Figure 3. Expression of BET proteins is elevated in SPOP mutant-expressing prostate cancer cells and patient specimens

a, Western blot of WCL and co-IP samples of anti-FLAG antibody from 293T cells transfected with indicated Myc- or FLAG-tagged plasmids and treated with 20 μM MG132 for 8 h. b, Western blot of the products of in vivo ubiquitination assay from 293T cells transfected with indicated Myc- or FLAG-tagged plasmids and treated with 20 μM MG132 for 8 h. c, Western blot of indicated proteins in WCL of C4-2 cells infected with lentivirus expressing empty vector (EV), wild-type (WT) or mutated SPOP. d and e, Representative images of BRD2/3/4 IHC in SPOP-WT and -mutated (MUT) prostate cancer tissues (d).

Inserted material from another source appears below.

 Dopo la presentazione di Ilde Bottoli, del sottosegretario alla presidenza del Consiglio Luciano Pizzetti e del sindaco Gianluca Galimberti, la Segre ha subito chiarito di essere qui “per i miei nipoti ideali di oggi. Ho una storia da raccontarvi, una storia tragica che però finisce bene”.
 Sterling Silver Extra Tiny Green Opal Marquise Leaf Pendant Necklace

The quantitative data of BRD2/3/4 staining are shown in (e). Statistical significance was determined by Wilcoxon rank sum test.

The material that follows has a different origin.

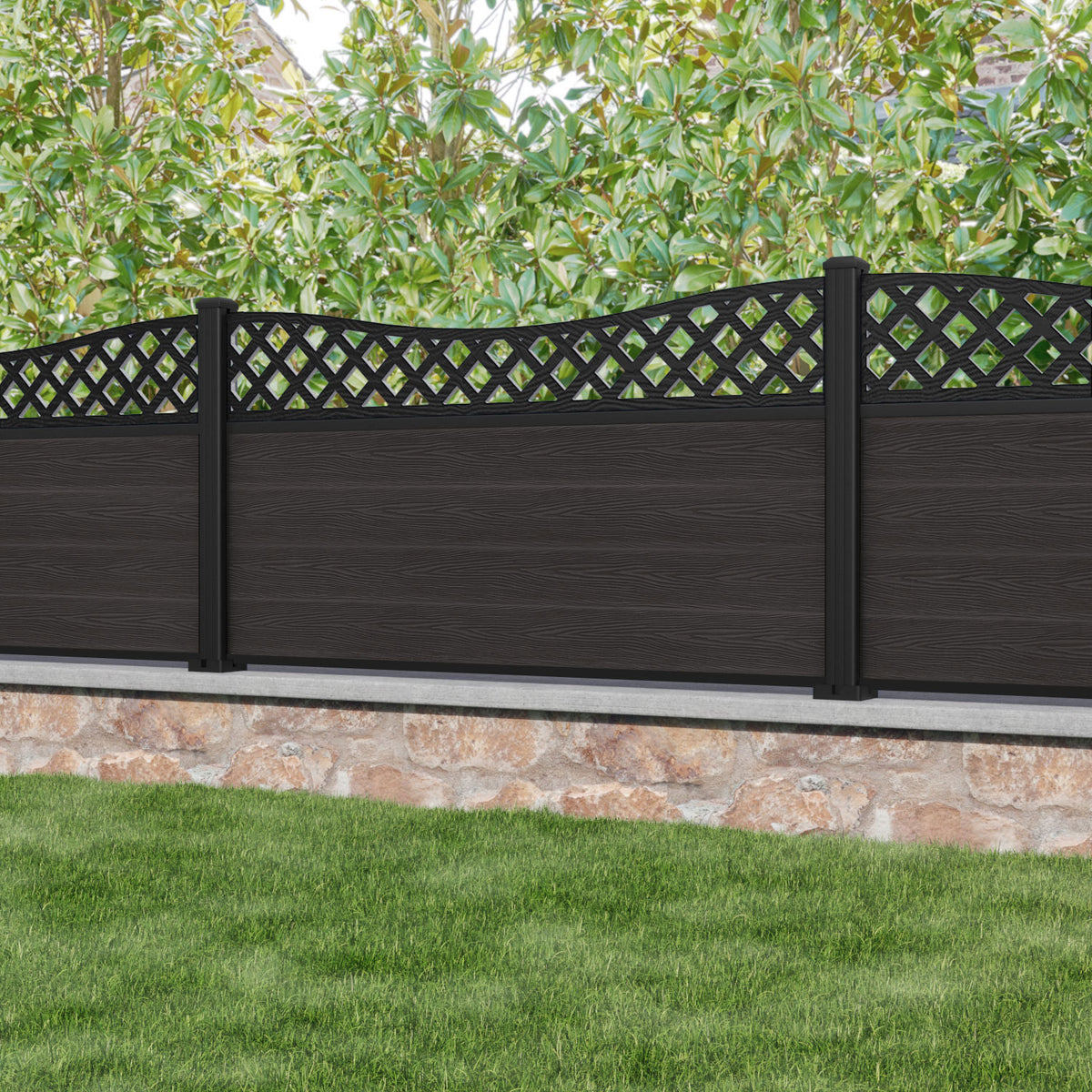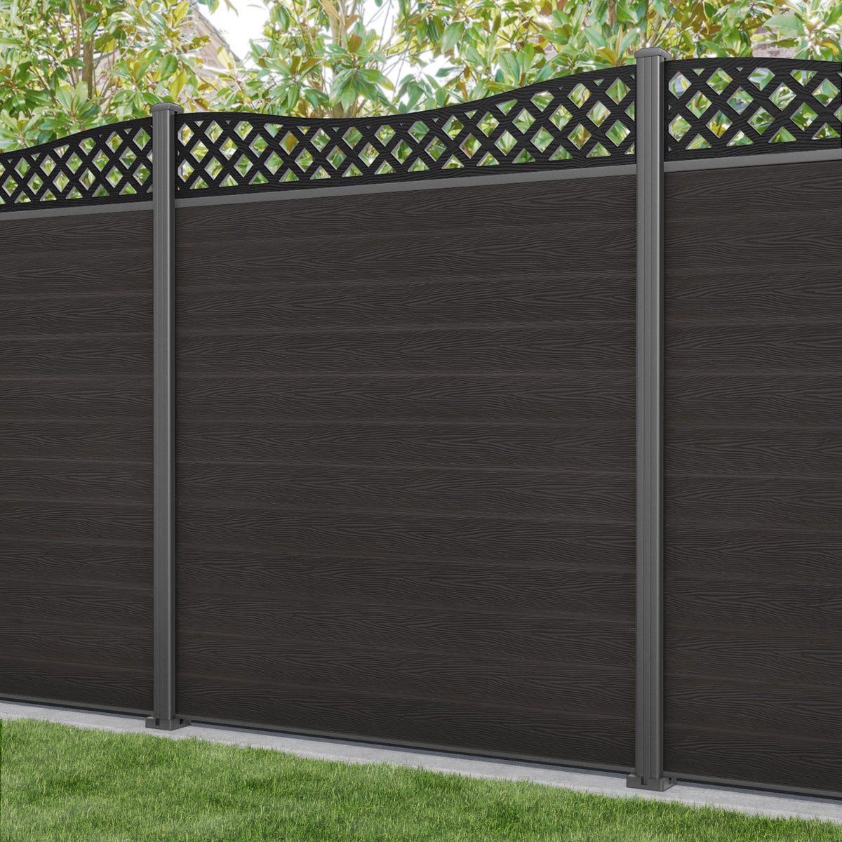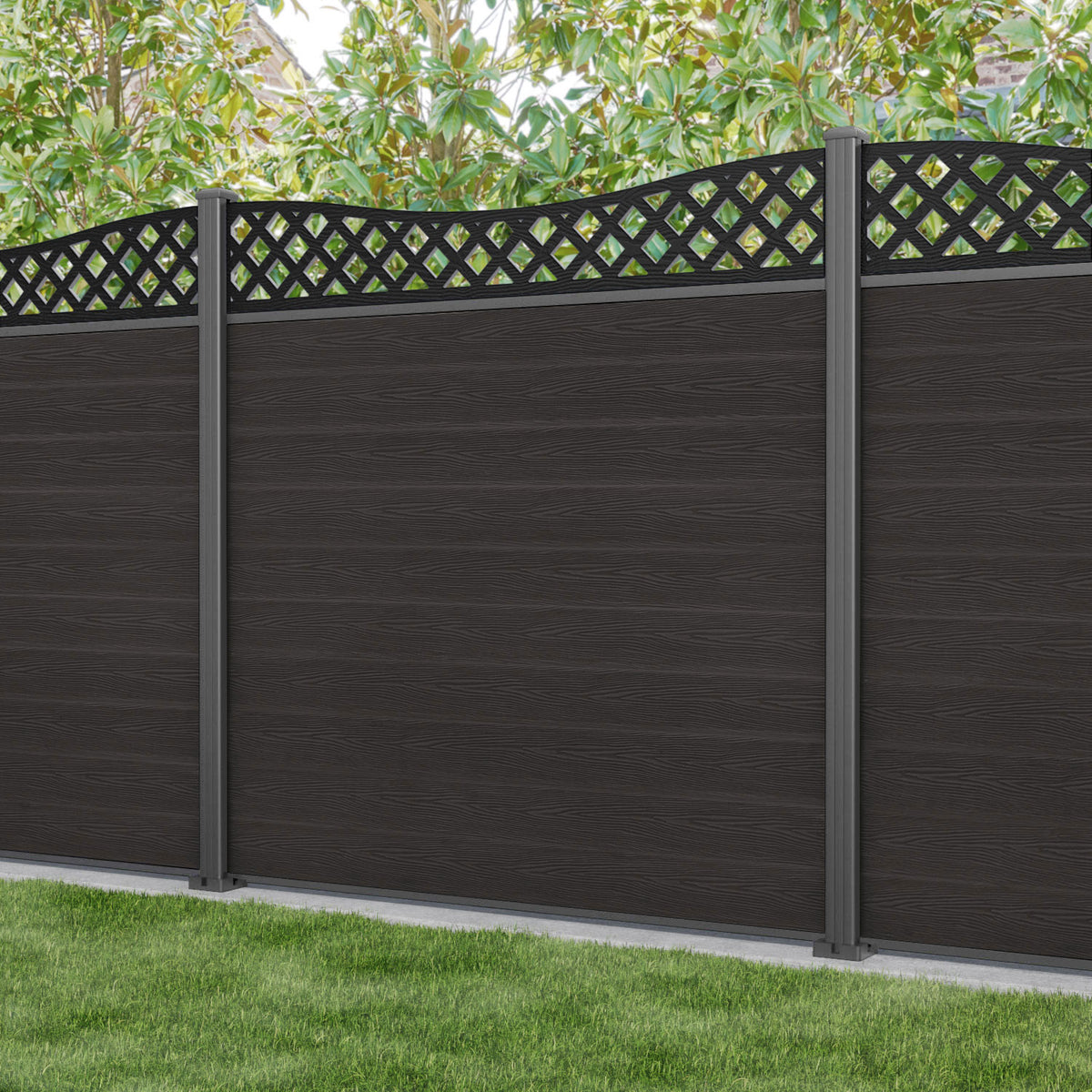 Classic Low Wave Fence Panel Dark Oak - with our aluminium posts
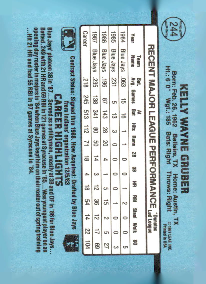 In 1988 Kelly Gruber played for the Toronto Blue Jays.

Figure 4. Mechanism of BET inhibitor resistance in SPOP-mutated prostate cancer cells

a, Western blot of indicated proteins including p-AKT (Ser473) and p-S6K (Thr389) in C4-2 cells infected with lentivirus expressing empty vector (EV) or SPOP-F133V mutant in combination with control shRNA (shC) or BRD2/3/4-specific shRNAs. Cells were treated with or without JQ1 (1 μM) for 24 h before harvested. Asterisk in red indicates exogenous SPOP-F133V mutant. b, C4-2 cells infected with lentivirus as in (a) were implanted subcutaneously in mice (n = 6/group). When tumors reached a size of approximately 100 mm³, xenografted mice were treated with vehicle or JQ1 (50 mg/kg) 5 days a week. Tumors were measured by caliper twice a week. Data are shown as means ± SD. Statistical significance was determined by two-tailed Student’s t-test for tumors at day 21 of drug treatment. c, Image of tumors isolated from each group of mice at day 21 of drug treatment as shown in (b). d, Heat map of RNA-seq data shows expression of a cluster of genes (n = 1,017) in C4-2 cells infected with lentivirus expressing EV or F133V and treated with or without JQ1 (1 μM) for 24 h. e, Heat map showing expression of 129 genes associated with JQ1 resistance was upregulated in SPOP-mutated (MUT) prostate tumors compared to SPOP-WT tumors in the TCGA cohort. f, Venn diagram shows that JQ1-resistant genes upregulated in SPOP-mutated prostate tumors significantly overlapped with the common BRD4 target genes of SPOP F133V and HA-BRD4 overexpressed (OE) in C4-2 cells (P = 9.407e-12, Permutation test). g, UCSC genome browser screen shots showing BRD4 ChIP-seq signal profiles in the RAC1 gene locus in C4-2 cells expressing EV, F133V or HA-BRD4 treated with DMSO or JQ1 (1 μM) for 24 h. H3K4me3 ChIP-seq was acquired from LNCaP cells as reported previously. h, C4-2 cells infected with lentivirus as in (a) were implanted subcutaneously in mice (n = 6/group). When tumors reached a size of approximately 100 mm³, xenografted mice were treated with vehicle, JQ1 (50 mg/kg) or GDC-0068 (100 mg/kg) individually or in combination 5 days a week. Tumors were measured by caliper twice a week. Data are shown as means ± SD. Statistical significance was determined by two-tailed Student’s t-test for tumors at day 21 of drug treatment. i, Image of tumors isolated from each group of mice at day 21 of drug treatment as shown in (h).